Sunbelt Water Inc. of California has filed the largest and most audacious claim--seeking $10.5 billion from Canada for revoking its license to export water by supertanker from British Columbia to water-scarce areas of the United States.
Canada's Mondev International is claiming $50 million from the United States because the City of Boston canceled a sales contract for an office building with a shopping mall. Boston invoked sovereign immunity against such lawsuits and was upheld by a local judge and the Massachusetts Supreme Court. The US Supreme Court declined to hear the appeal. So the company turned to NAFTA for relief.
When just the threat of a Chapter 11 action may suffice to wrest a
financial settlement from a government, investors have unprecedented
leverage against states, Lydia Lazar, a Chicago attorney who has
worked in global commerce, wrote in Global Financial Markets
magazine. Mexico, Canada and the United States effectively waived the
doctrine of sovereign immunity, she explained, when they signed NAFTA.

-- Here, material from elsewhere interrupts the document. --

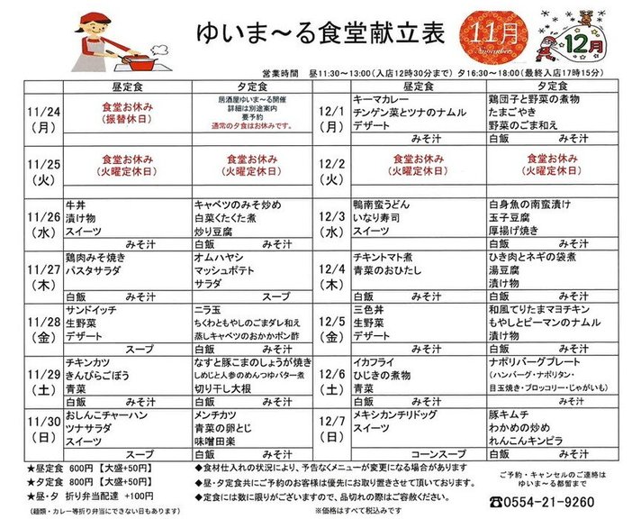 11/24~12/7の食堂献立表です【ゆいま~る都留】
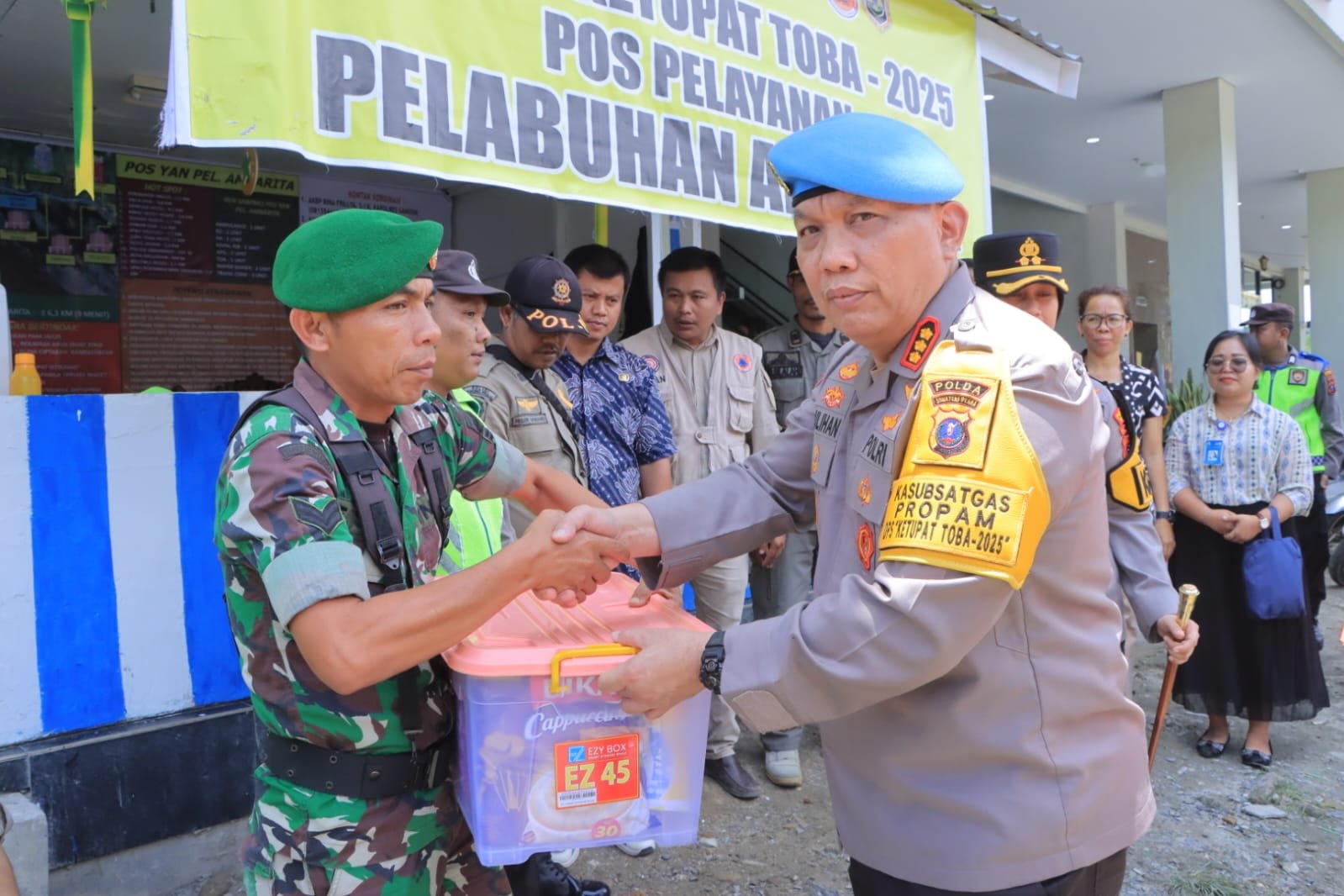 Samosir, Borneopos.com - Direktur Samapta Polda Sumatera Utara, Kombes Pol Dr. Dwi Tunggal Jaladri, S.H., S.I.K., M.Hum, bersama Kabid Propam Polda Sumatera Utara, Kombes Pol Julihan Muntaha, S.I.K., melakukan pengecekan dan monitoring Pos Pelayanan (Posyan) Operasi Ketupat Toba 2025 di wilayah hukum Polres Samosir, Kamis (3/4/2025).

As many as fifteen cases have been launched to date, but no one can be
sure of the number, since there's no requirement to inform the
public. The contesting parties choose the judges who will arbitrate,
choose which issues and legal principles are to apply and also decide
whether the public has any access to the proceedings. The design
follows the format for private arbitration cases between contesting
business interests. With the same arrogance that designed the WTO and
other international trade forums, it is assumed that these disputes
are none of the public's business--even though public laws are
under attack and taxpayers' money will pay the fines. The core
legal issue is described as damage to an investor's
property--property in the form of anticipated profits. The NAFTA
logic thus establishes the
regulatory takings doctrine the
right has promoted unsuccessfully for two decades--a retrograde
version of property rights designed to cripple or even dismantle the
administrative state's regulatory powers.
NAFTA is really an
end run around the Constitution, says Lazar.
The fundamental difference in Chapter 11, unlike other trade
agreements, is that the global corporations are free to litigate on
their own without having to ask national governments to act on their
behalf in global forums. Clearly, some of the business complaints so
far are more exotic than anyone probably anticipated. These initial
cases will set precedents, however, that major global firms can apply
later. If nobody stops this process, the national identity of
multinationals will become even weaker and less relevant, Lazar points
out, since they have status to challenge government as
class of 'legal equals.'
In Canada a private lawsuit was filed recently challenging the constitutionality of Chapter 11, since Canada's Constitution states that the government cannot delegate justice to other bodies. The Canadian government, itself embarrassed by the cases against it, expressed doubt that Chapter 11 should be included in the hemispheric agreement, though it appears to be backing away from outright opposition. In US localities, the cases are beginning to stir questions, but lawmakers and jurists are only beginning to learn the implications.
Does George W. Bush understand what he is proposing for the Americas? Did Bill Clinton and Bush the elder understand the fundamental shift in legal foundations buried in NAFTA's fine print? They knew this is what business and finance wanted. As the public learns more, the smoking gun should become a focal point in this year's trade debate, confronting politicians with embarrassing questions about global governance. Who voted to shoot down national sovereignty? Who crowned the corporate investors the new monarchs of public values?